For the purposes of emulation, a lot of the timing constraints found on SIO0's equivalent registers do not apply to FIFO_IN and FIFO_OUT in SIO2; the PS1 depended on tight timing due to SIO0 being tightly woven into the kernel. However, these registers can be reliably emulated without such considerations because the IOP modules do almost all state management in high level software.
The primary mechanism by which commands flow in to SIO2 and data flows out are writes to FIFO_IN, and reads from FIFO_OUT. These memory writes and reads are all issued by IOP modules. There is no special mechanism which needs emulated in order to support this behavior, besides having a place to store values for these registers.
When the IOP writes to FIFO_IN, an implementation can instantly transmit that to the emulated peripheral, take the emulated peripheral's data byte, and store that to FIFO_OUT. There is no need to wait for other register statuses; the IOP module which issued the write to FIFO_IN will subsequently issue a read on FIFO_OUT.
The PS2 memcard filesystem can be broken down into a few different data structures or organizational units.
A group of data bytes, followed by ECC bytes. The data bytes can be either 512 or 1024 bytes long; this is the Page Length attribute specified in the superblock. OEM memcards from Sony will always use 512 bytes. Though the 1024 byte size is supported, there are no known cases (yet) of a real memcard actually using this.

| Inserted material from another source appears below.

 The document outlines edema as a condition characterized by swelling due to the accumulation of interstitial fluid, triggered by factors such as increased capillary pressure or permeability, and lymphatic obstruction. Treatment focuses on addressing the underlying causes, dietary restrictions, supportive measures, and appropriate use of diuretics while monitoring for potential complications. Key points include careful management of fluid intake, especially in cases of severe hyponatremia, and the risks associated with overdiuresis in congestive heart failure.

The ECC bytes following the data bytes are 16 bytes long if the page length is 512, or 32 bytes long if the page length is 1024. In either case, every 128 bytes of data corresponds to 3 bytes of ECC data.
Physical Size | Data Bytes Used | Data Bytes Total | ECC Bytes Used | ECC Bytes Total | Data Byte to ECC Byte Mapping |
---|---|---|---|---|---|
528 | 512 | 512 | 12 | 16 | 128 bytes data = 3 bytes ECC |
1056 | 1024 | 1024 | 24 | 32 | 128 bytes data = 3 bytes ECC |
A group of pages. Clusters can be 1 or 2 pages long; this is the Pages Per Cluster attribute specified in the superblock. OEM memcards from Sony will always use Pages Per Cluster = 2. If the Page Length attribute of the superblock is 1024, then Pages Per Cluster must be 1.

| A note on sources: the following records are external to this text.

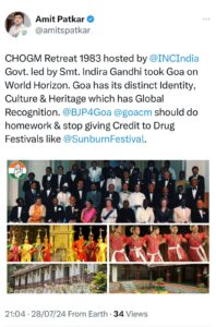 CHOGM Retreat 1983 hosted by then Congress Government led by Smt. Indira Gandhi took Goa on World Horizon. Goa has its distinct Identity, Culture & Heritage which has Global Recognition. BJP Government’s Chief Minister Dr. Pramod Sawant should do homework & stop giving Credit to Drug Festivals like Sunburn Festival, stated Amit Patkar.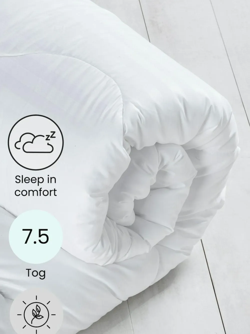 Sleep in Comfort RangeThis lightweight duvet is incredibly comfortable. Designed to drape with a soft-touch peach skin microfibre cover which is finished with a wave stitch design. Available in a range of tog weights to suit your needs. The all-season duvet contains both 7.5 and 10.5 tog duvets that can be easily clipped together or used separately to suit the weather.Key FeaturesLightweight duvetMicrofibre coverProduct DimensionsSingle: 135 x 200cmDouble: 200 x 200cmKing: 230 x 220cmSuperking: 260 x 220cmTog ratings3 Tog: Suitable for warm summer nights4.5 Tog: Suitable for summer nights7.5 Tog: Suitable for spring & summer10.5 Tog: Suitable for all year round13.5 Tog: Suitable for cold winter nights15 Tog: Suitable for cold winter nights For top tips on choosing the best duvets and pillows for you read our handy guide here. Machine washable. Cover 100% Recycled polyester. Filling 100% Recycled polyester.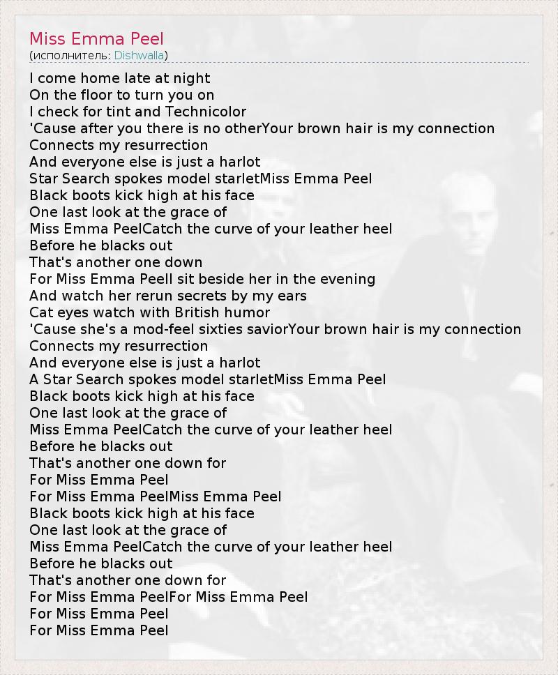 I come home late at night On the floor to turn you on I check for tint and Technicolor 'Cause after you there is no otherYour brown hair is my connection Connects my resurrection And everyone else is just a harlot Star Search spokes model starletMiss Emma Peel Black boots kick high at his face One last look at the grace of Miss Emma PeelCatch the curve of your leather heel Before he blacks out That's another one down For Miss Emma PeelI sit beside her in the evening And watch her rerun secrets by my ears Cat eyes watch with British humor 'Cause she's a mod-feel sixties saviorYour brown hair is my connection Connects my resurrection And everyone else is just a harlot A Star Search spokes model starletMiss Emma Peel Black boots kick high at his face One last look at the grace of Miss Emma PeelCatch the curve of your leather heel Before he blacks out That's another one down for For Miss Emma Peel For Miss Emma PeelMiss Emma Peel Black boots kick high at his face One last look at the grace of Miss Emma PeelCatch the curve of your leather heel Before he blacks out That's another one down for For Miss Emma PeelFor Miss Emma Peel For Miss Emma Peel For Miss Emma Peel

Page Length | Pages Per Cluster = 1 | Pages Per Cluster = 2 |
---|---|---|
512 | Supported | Supported |
1024 | Supported | NOT Supported |
Clusters are primarily used in the FAT and for navigation. Presumably, it requires a smaller FAT this way (at least for OEM memcards where 1 cluster = 2 pages = 1024 data bytes); a single FAT entry points to two pages worth of data, rather than having a FAT entry for every page. The disadvantage is that small, loose files can lead to wasted space. A single FAT entry points to one cluster, so whatever file belongs to that FAT entry ends up consuming both pages even if it is only 256 bytes long, leading to 768 unused data bytes.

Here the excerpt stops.